On Wed, 25 Jan 2017, Markus Heiser <markus.heiser@xxxxxxxxxxx> wrote:
> Am 25.01.2017 um 11:24 schrieb Jani Nikula <jani.nikula@xxxxxxxxx>:
>> Markus, thanks for your work on this.
> Thanks for your comments!
>> Excuse me for my bluntness, but I think changing everything in a single
>> commit, or even a few commits, is strictly not acceptable.
> OK, I understand.
>> When I changed *small* things in scripts/kernel-doc, I would make
>> htmldocs before and after the change, and recursively diff the produced
>> output to ensure there were no surprises.

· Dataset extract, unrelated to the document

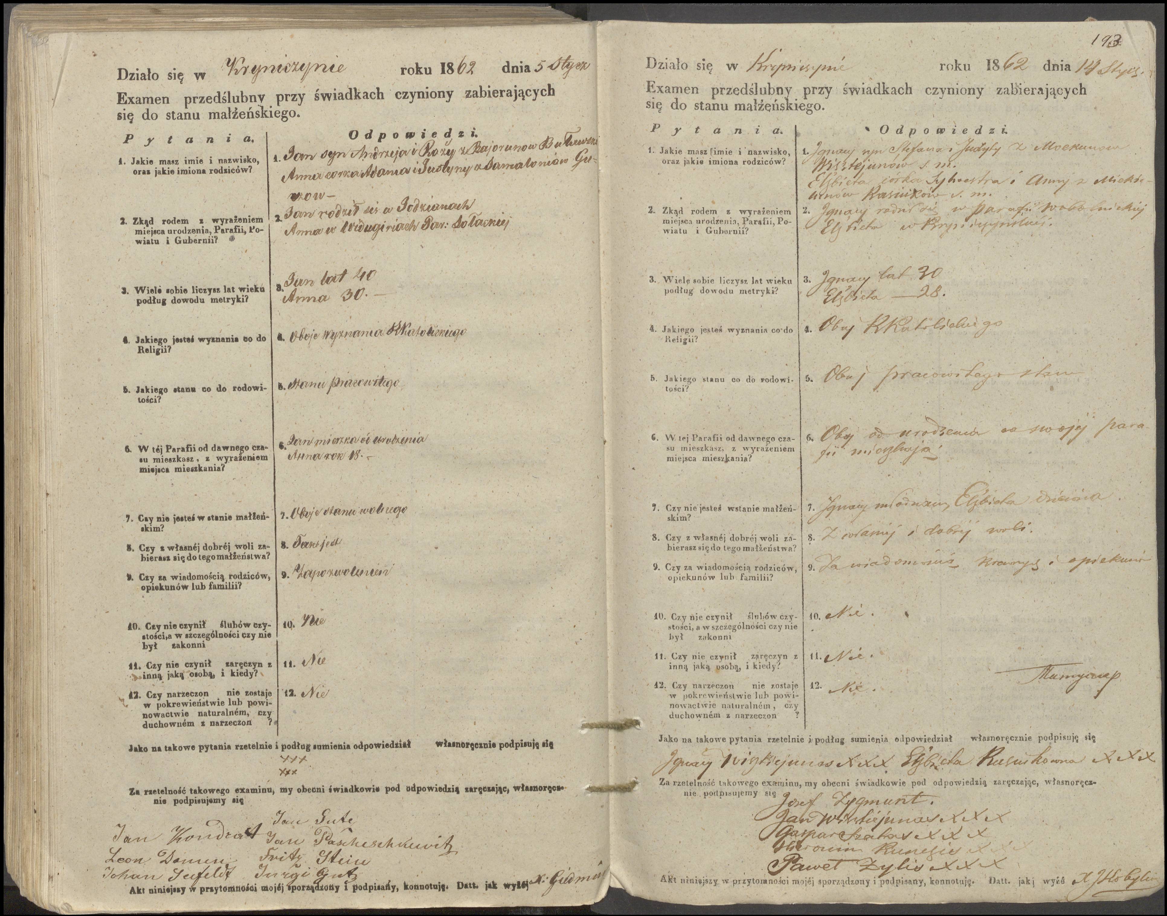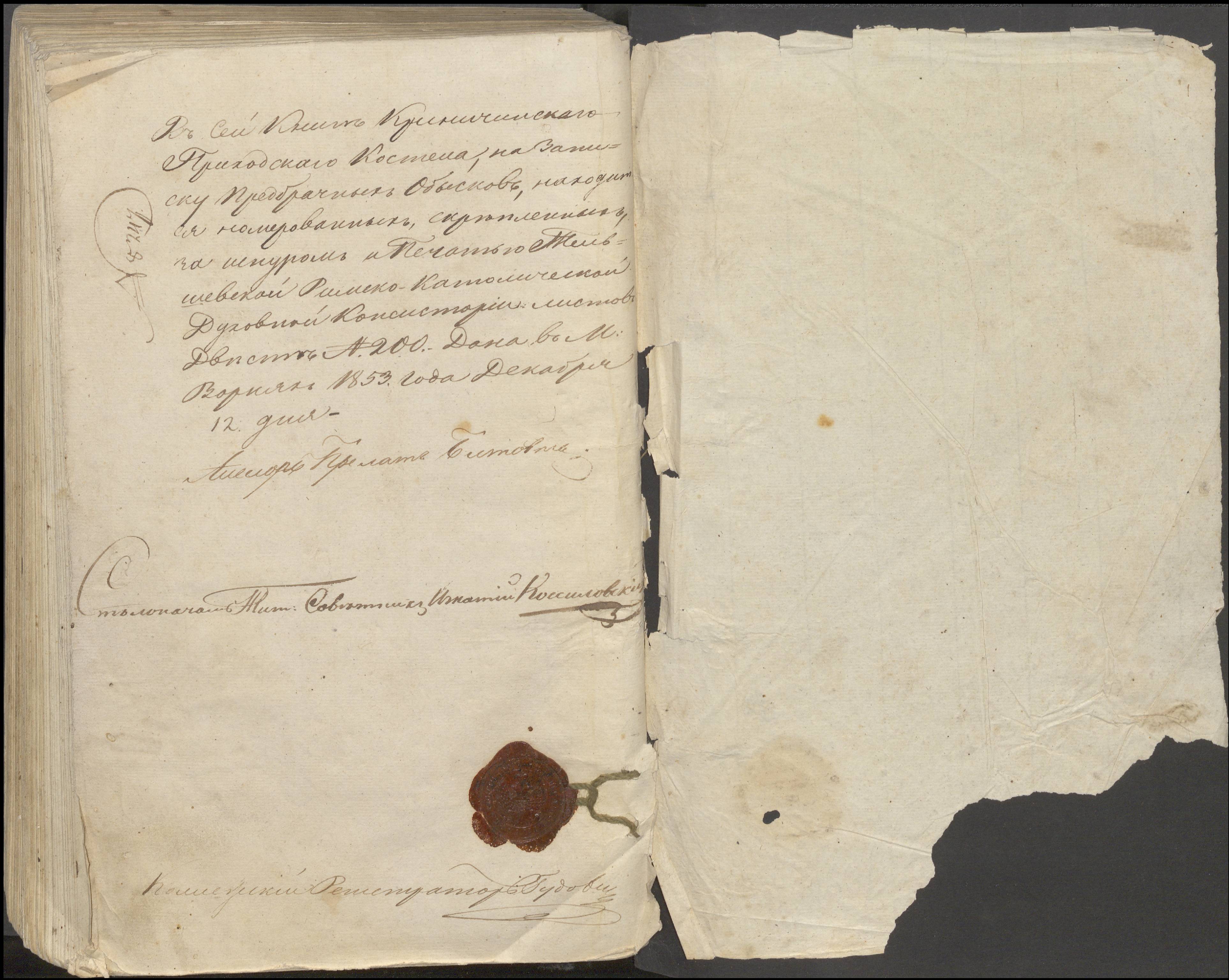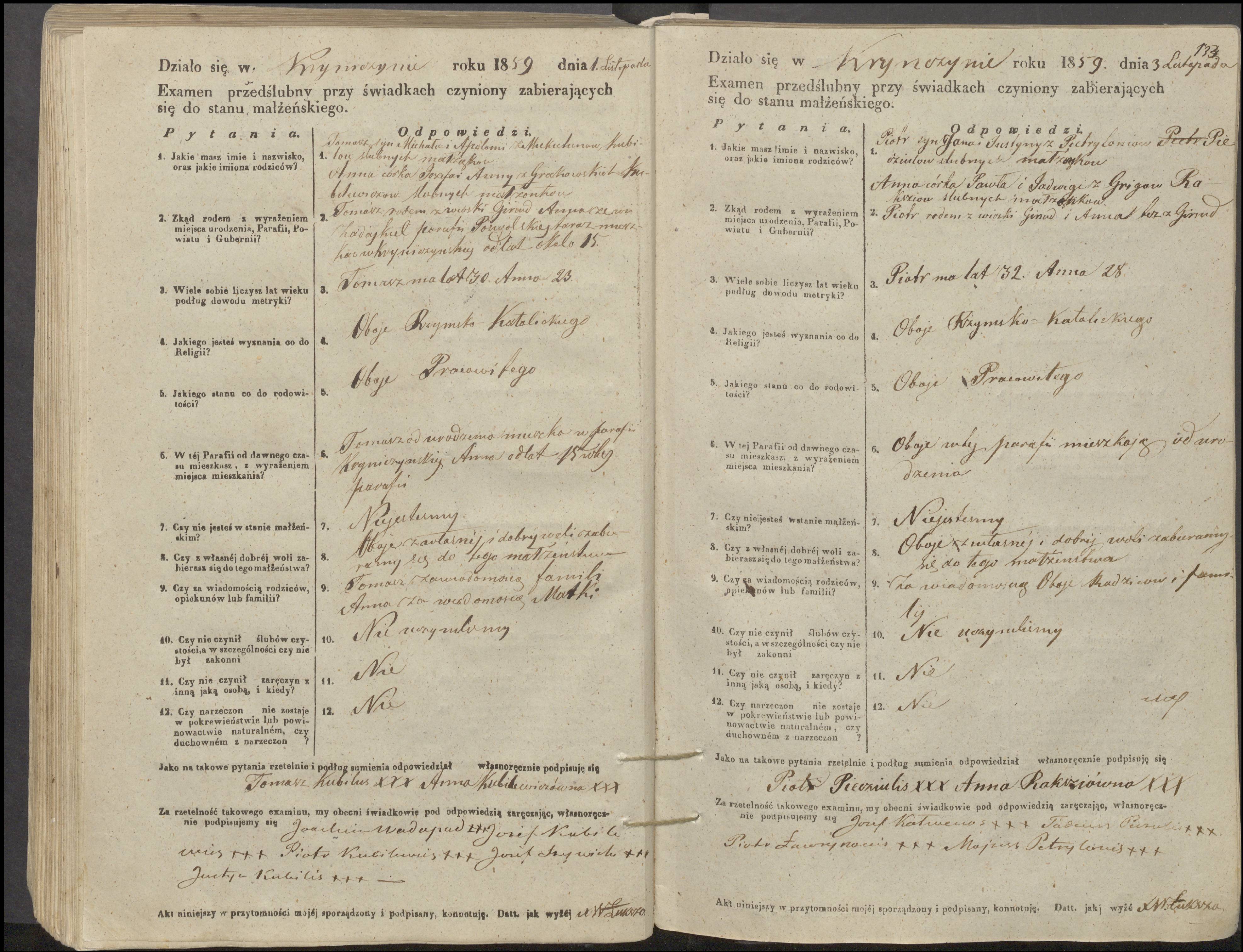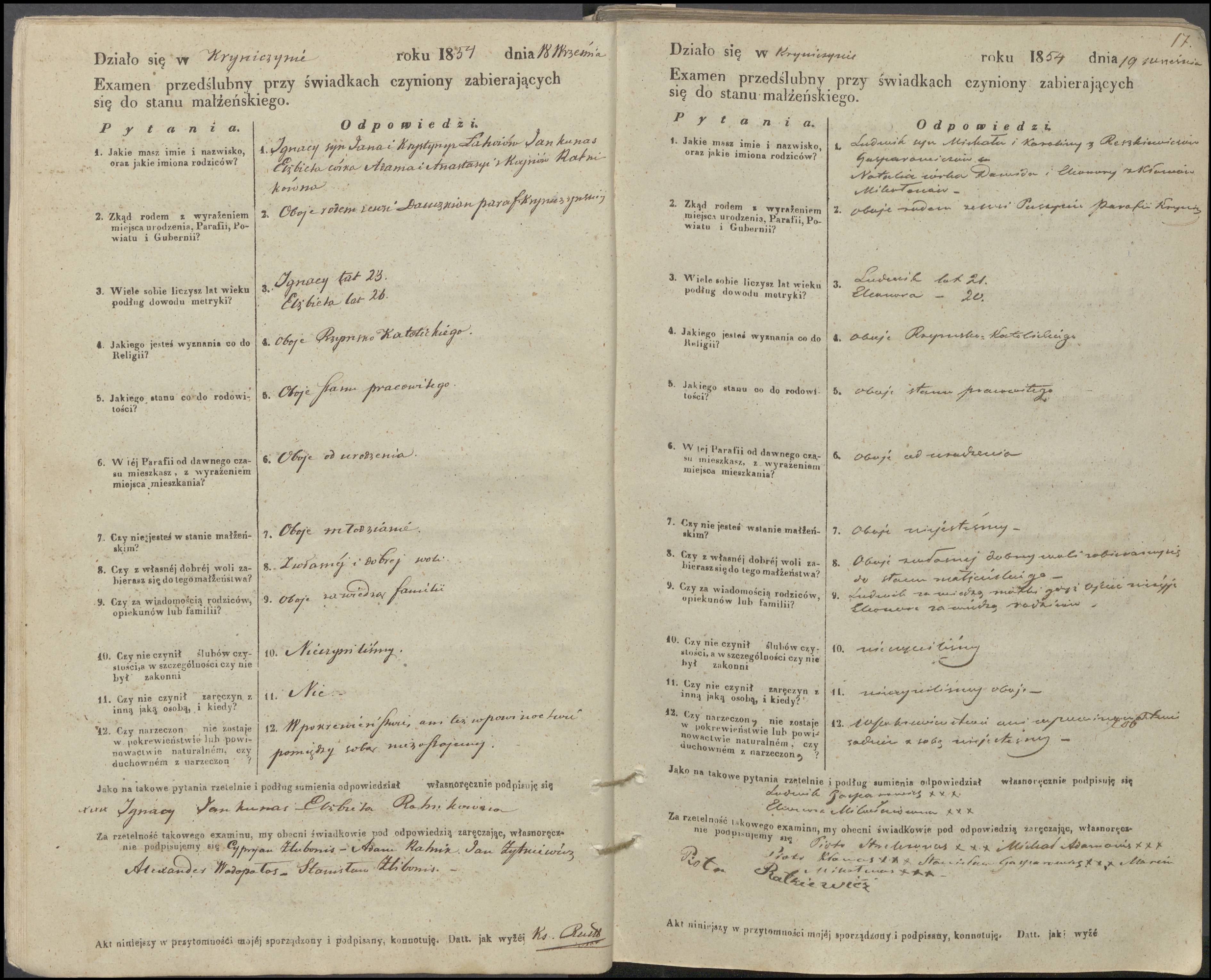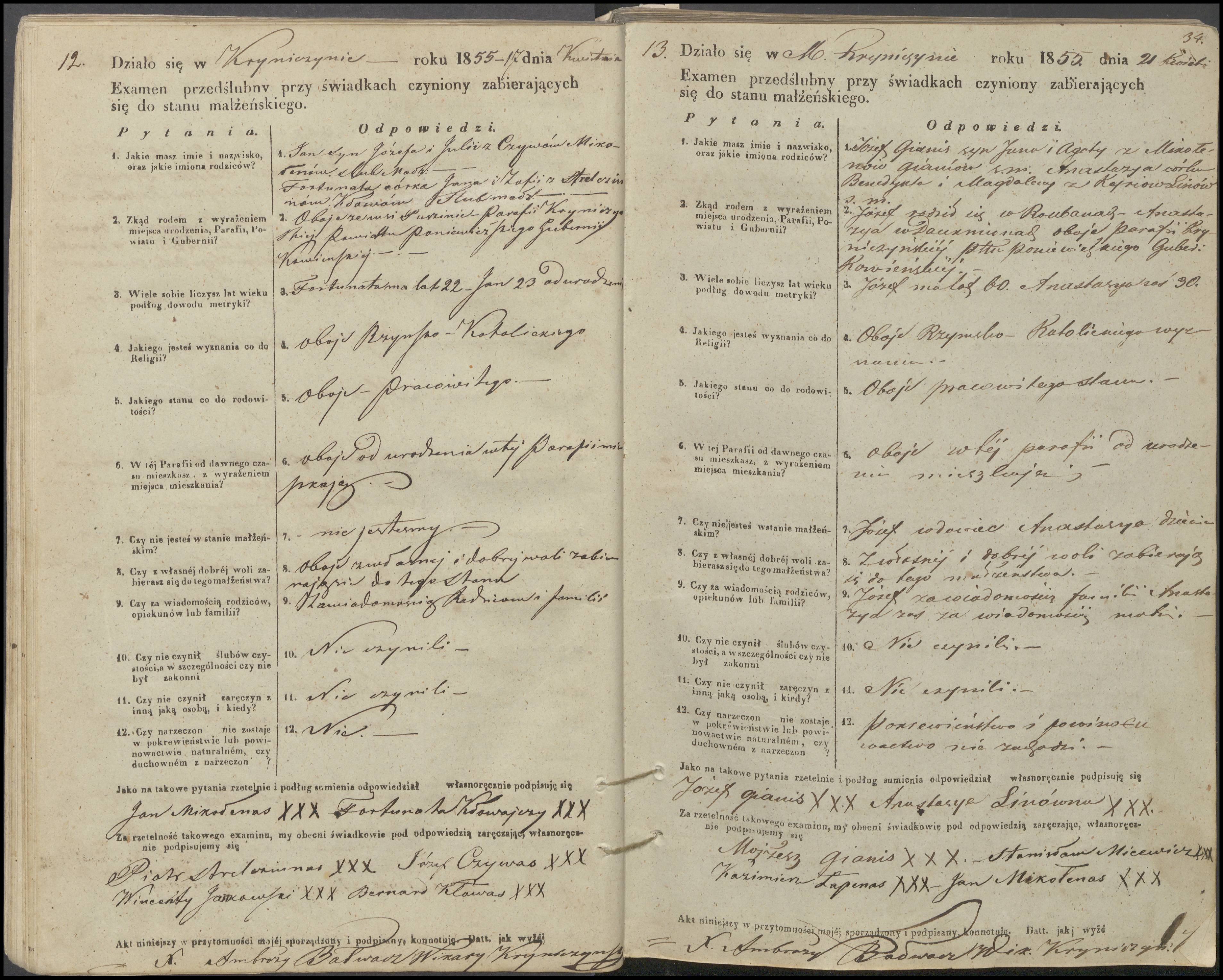 Krinčino Romos katalikų parapijos bažnyčios 1853–1862 metų priešjungtuvinės apklausos knyga

We already have enough
>> documentation that a manual eyeballing of the output is simply not
>> sufficient to ensure things don't break.

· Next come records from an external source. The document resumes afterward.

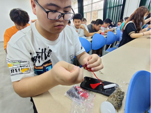 在中国共产党成立100周年之际,迎来了一年一度的端午节。为引导学生增强爱国主义情怀,学习端午文化,营造欢乐喜庆的节日氛围,6月9日-11日,在端午节来临之际,电子工程学院组织学生干部开展“缝香包系彩绳 热热闹闹话端午”主题活动,学生干部共同体验手工制作乐趣,将自己的心意满满当当地塞进香包,通过为学生系五彩绳传递美好祝福。
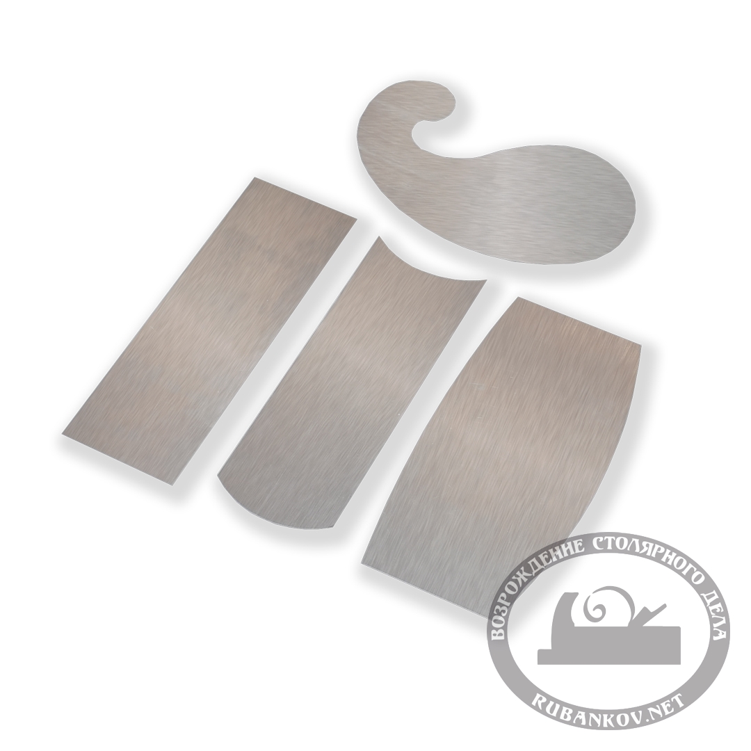 Цикли фигурные , 4 шт. Используются для циклевания и очистки деревянных поверхностей. Изменяя изгиб и угол наклона цикли можно изменять агрессивность съема материала.
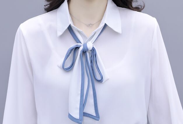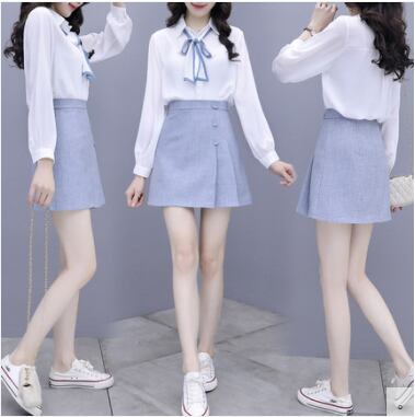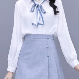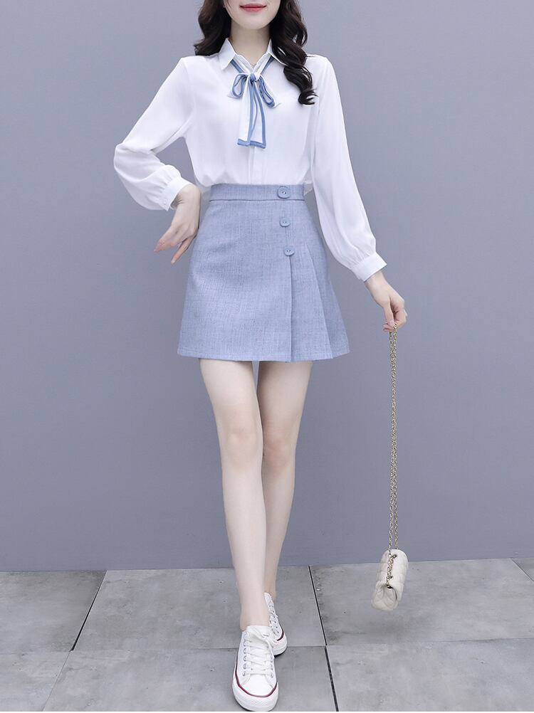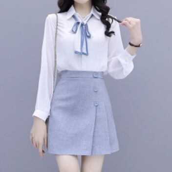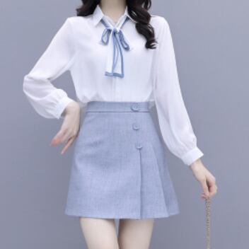 シフォンシャツ×ショートスカートのツーピーススーツ
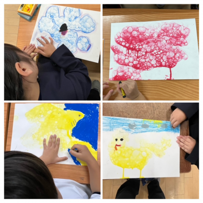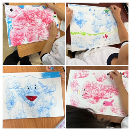 画用紙の上で、もくもくとあふれる泡が乾き、いろいろな形ができました。その形を見て、「何に見えるかなあ」と、それぞれの子どもがイメージをしながら、パスでどんどん絵に表していきました。
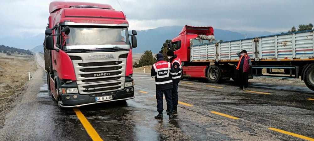 Yük taşımacılığı yapan araçlarda kar lastiği ve takograf kontrolü yapan jandarma trafik ekipleri, hareket halinde radar hız kontrolüyle hız yapan sürücüleri tek tek tespit ediyor. ​​​​​​​
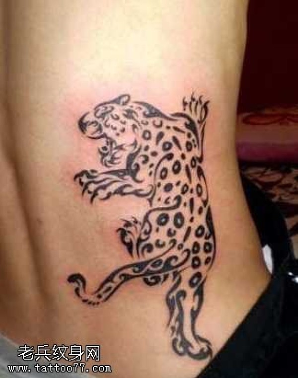 腰部霸气的图腾豹子纹身图案
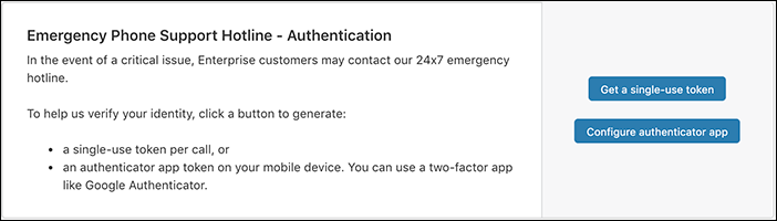 3. Cliquez sur Contact Support (Contacter le support). Faites défiler l’écran vers le bas jusqu’à la carte Emergency Phone Support Hotline - Authentication (Support téléphonique d’urgence - Authentification).

>> The diff in output between before and after this series? 160k lines of
>> unified diff without context ('diff -u0 -r old new | wc -l').
>> Many of the changes are improvements on the result, such as using proper
>> <div> tags for function parameter lists etc., but clearly changing the
>> output should be independent of changing the parser, so we have some
>> chance of validating the parser.
> Hmm ... I try to sort my thoughts on this:
> The both parser are generating reST output. We have tested reST output
> so it should be enough to compare the reST from the old one with the
> new one ... at least theoretical.
> But the problem I see here is, that the perl script generates a
> reST output which I can't use. As an example we can take a look at
> the man-page builder I shipped in the series.

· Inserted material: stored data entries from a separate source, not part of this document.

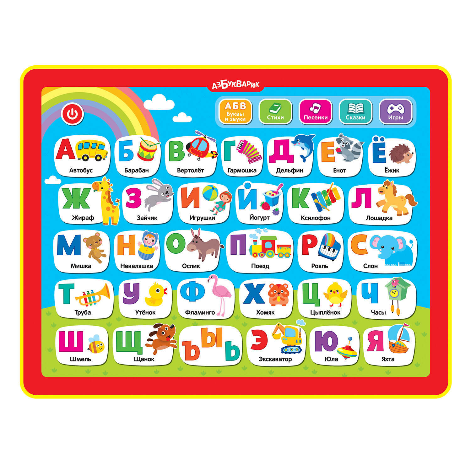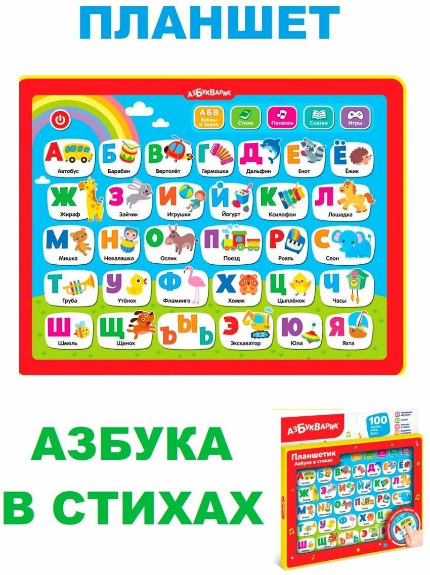 Интерактивная игрушка Азбукварик Планшет Азбука в стихах красный интересное:
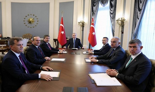 ANKARA (İGFA) - İletişim Başkanlığı'ndan aktarılan habere göre, Beştepe'deki kabulde Cumhurbaşkanı Yardımcısı Fuat Oktay, Kültür ve Turizm Bakanı Mehmet Nuri Ersoy, KKTC Başbakan Yardımcısı, Turizm, Kültür, Gençlik ve Çevre Bakanı Fikri Ataoğlu ile Türkiye'nin Lefkoşa Büyükelçisi Metin Feyzioğlu da yer aldı.
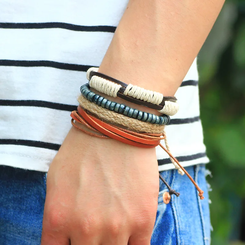 Homme 1 Set 4 pcs Wrap Around Bracelet Pull-Closure Leather Braclet Masculino Pulseira Bilezik Erkek Brazalete Bracciales
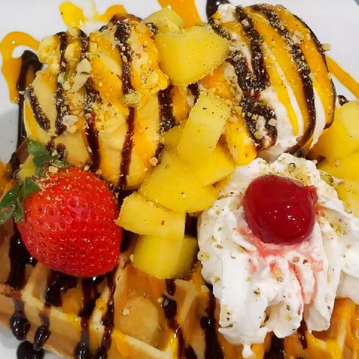 Staff favorite: Mango Mania Waffle: Fresh mango, whipped cream, mango ice cream, chocolate syrup, mango syrup and powdered sugar

Sorry, I still don't understand *why* you can't use the same rst. Your
explanation seems to relate to man pages, but man pages come
*afterwards*, and are a separate improvement. I know you talk about lack
of proper structure and all that, but *why* can it strictly not be used,
if the *current* rst clearly can be used?


> In the commit message there is a small example:
> <section docname="basics ...>
> <title>get_sd_load_idx</title>
> <kernel_doc_man manpage="get_sd_load_idx.9"/>
> ...
> <desc desctype="function" domain="c"....>
> <desc_signature ....>
> <desc_type>int</desc_type>
> ...
> You see that it has <section> tag with childs <title/>, <kernel_doc_man/>
> and so on. This structured markup is used by builders, they navigate through
> the structured tree picking up nodes and spit out some man-page html, or
> whatever builder it is.
> ATM the perl parser generates a reST output which does not have such
> a structured tree, so the builder can't navigate in.
> So, what I mean is, the new parser has to generate a complete different reST
> output and thats why we can't compare the perl parser with python one on a reST
> basis ... and if reST is different, HTML is different :(
> So we do not have any chance to track regression when switching from
> the old to the new parser.
> Thats are my thoughts on this topic, may be you have a solution for this?
>>> Ideally at the time of merging, we would be able to build the docs with
>>> *either* kerneldoc.
>> I'd be fine with switching over in a single commit that doesn't
>> drastically change the output.
> One solution might be to improve the reST output of the perl script
> first, so that it produce something which has a structure and we
> all can agree on (short: reST output is the reference, ATM the reference
> need some improvements)
> If this is a way we like to go, I can send a patch for the perl script,
> so that we can commit one a reST reference.
>> A drop-in replacement. But that's not the
>> case here.
>>> - I'll have to try it out to see how noisy it is. I'm not opposed to
>>> stricter checks; indeed, they could be a good thing. But we might want
>>> to have an option so we can cut back on the noise by default.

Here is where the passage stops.